Exercise goal: Return each line of the data below exactly, omitting any pictures.

Material provided:

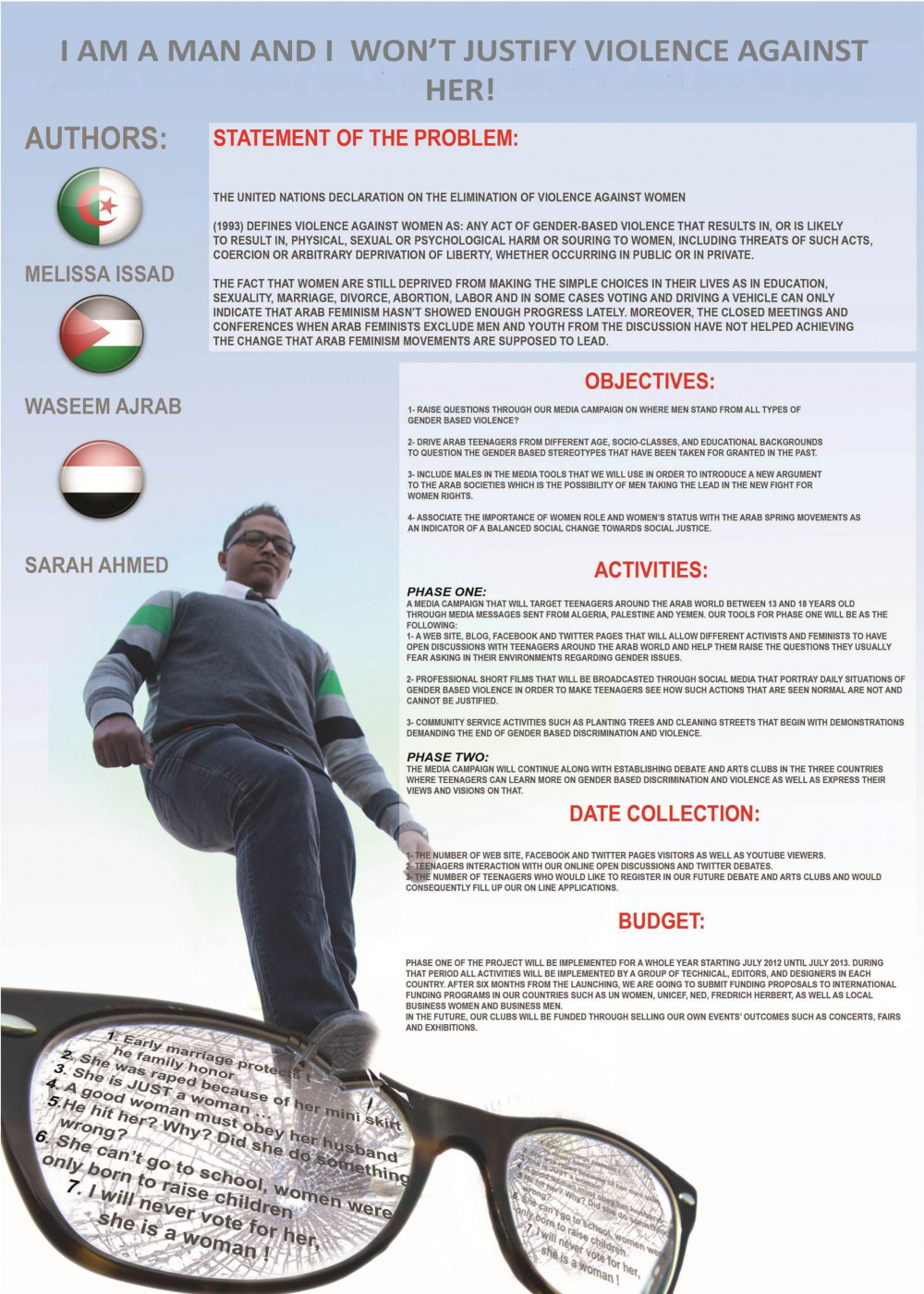 For decades, women fought for their rights. But those talks and fights were made by women for women. It´s time now for men to participate in this dialogue. Because at the end of the day, the woman is confronted to her father, brothers and all those men in her society who don´t even know or care about what she´s going through or what her dreams are, so that´s why we made thi
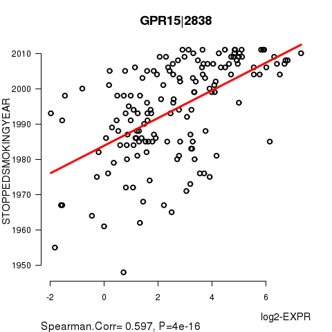 Figure S9. Get High-res Image As an example, this figure shows the association of GPR15|2838 to 'STOPPEDSMOKINGYEAR'. P value = 4e-16 with Spearman correlation analysis. The straight line presents the best linear regression.
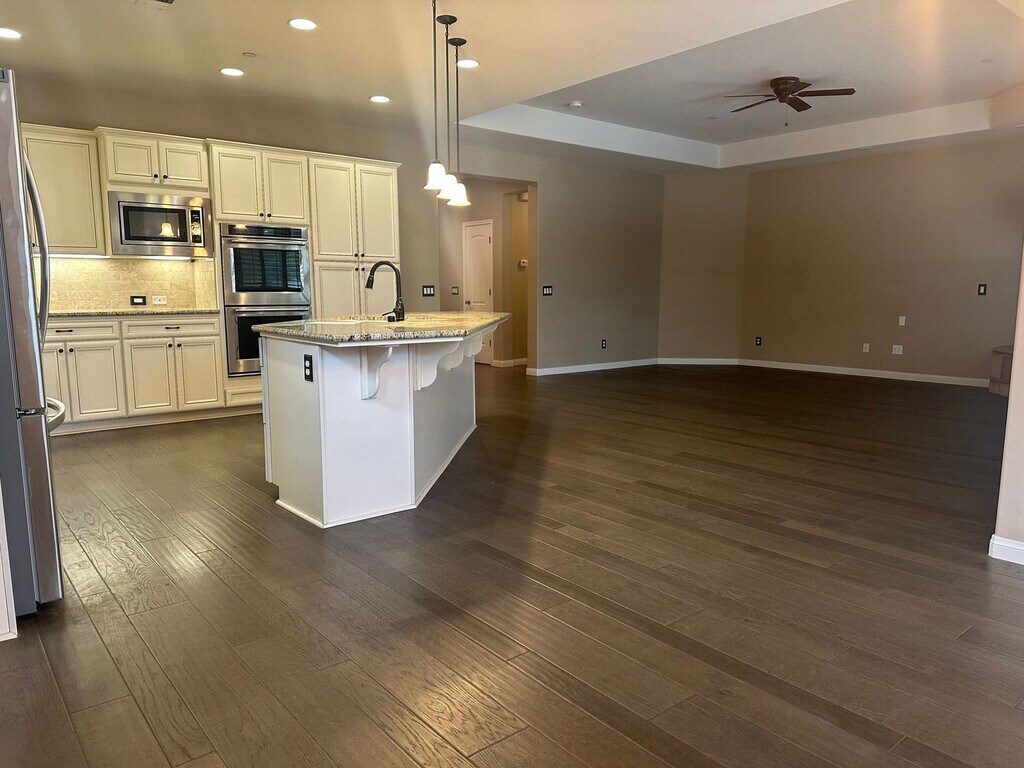 This 3+2 home has wood flooring, custom shutters on windows, and custom paint throughout. Large open floorplan with a spacious kitchen, upgraded custom cabinetry, and many other upgrades. Located in a gated community with a landscaped yard, huge concrete patio and a large outdoor fire pit. Three car garage, three bedrooms, and a master bathroom with a large tub, two vanity sink areas with a large walk in closet. This home is a must see! Rent: $2895.00 Deposit: $2895.00 on approved credit and rental history Pets allowed per owner approval of size and breed with an additional deposit. Tenant responsible for electric, gas, water and renters insurance. APPLICATIONS CAN BE SUBMITTED ONLINE AT Completed applications are processed in the order received. For more information contact: Chrystle Hanson TEXT or call DRE#02031544 Professionally managed by LRS Realty & Management, Inc. We are an Equal Housing Provider and follow all Fair Housing Laws.
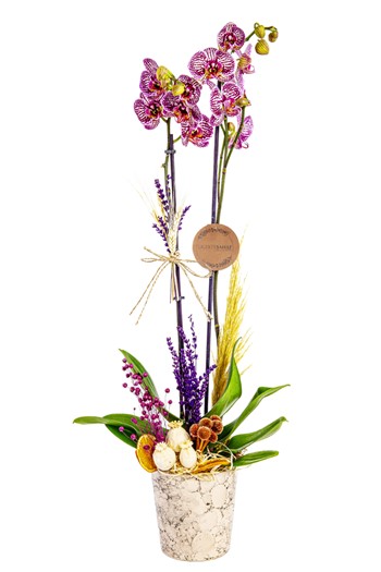 Steel White Design ürünümüzün içerisinde özel seçilmiş orkide , ve portakal kabuğu mevcut

Exercise response:
 For decades, women fought for their rights. But those talks and fights were made by women for women. It´s time now for men to participate in this dialogue. Because at the end of the day, the woman is confronted to her father, brothers and all those men in her society who don´t even know or care about what she´s going through or what her dreams are, so that´s why we made thi
 Figure S9. Get High-res Image As an example, this figure shows the association of GPR15|2838 to 'STOPPEDSMOKINGYEAR'. P value = 4e-16 with Spearman correlation analysis. The straight line presents the best linear regression.
 This 3+2 home has wood flooring, custom shutters on windows, and custom paint throughout. Large open floorplan with a spacious kitchen, upgraded custom cabinetry, and many other upgrades. Located in a gated community with a landscaped yard, huge concrete patio and a large outdoor fire pit. Three car garage, three bedrooms, and a master bathroom with a large tub, two vanity sink areas with a large walk in closet. This home is a must see! Rent: $2895.00 Deposit: $2895.00 on approved credit and rental history Pets allowed per owner approval of size and breed with an additional deposit. Tenant responsible for electric, gas, water and renters insurance. APPLICATIONS CAN BE SUBMITTED ONLINE AT Completed applications are processed in the order received. For more information contact: Chrystle Hanson TEXT or call DRE#02031544 Professionally managed by LRS Realty & Management, Inc. We are an Equal Housing Provider and follow all Fair Housing Laws.
 Steel White Design ürünümüzün içerisinde özel seçilmiş orkide , ve portakal kabuğu mevcut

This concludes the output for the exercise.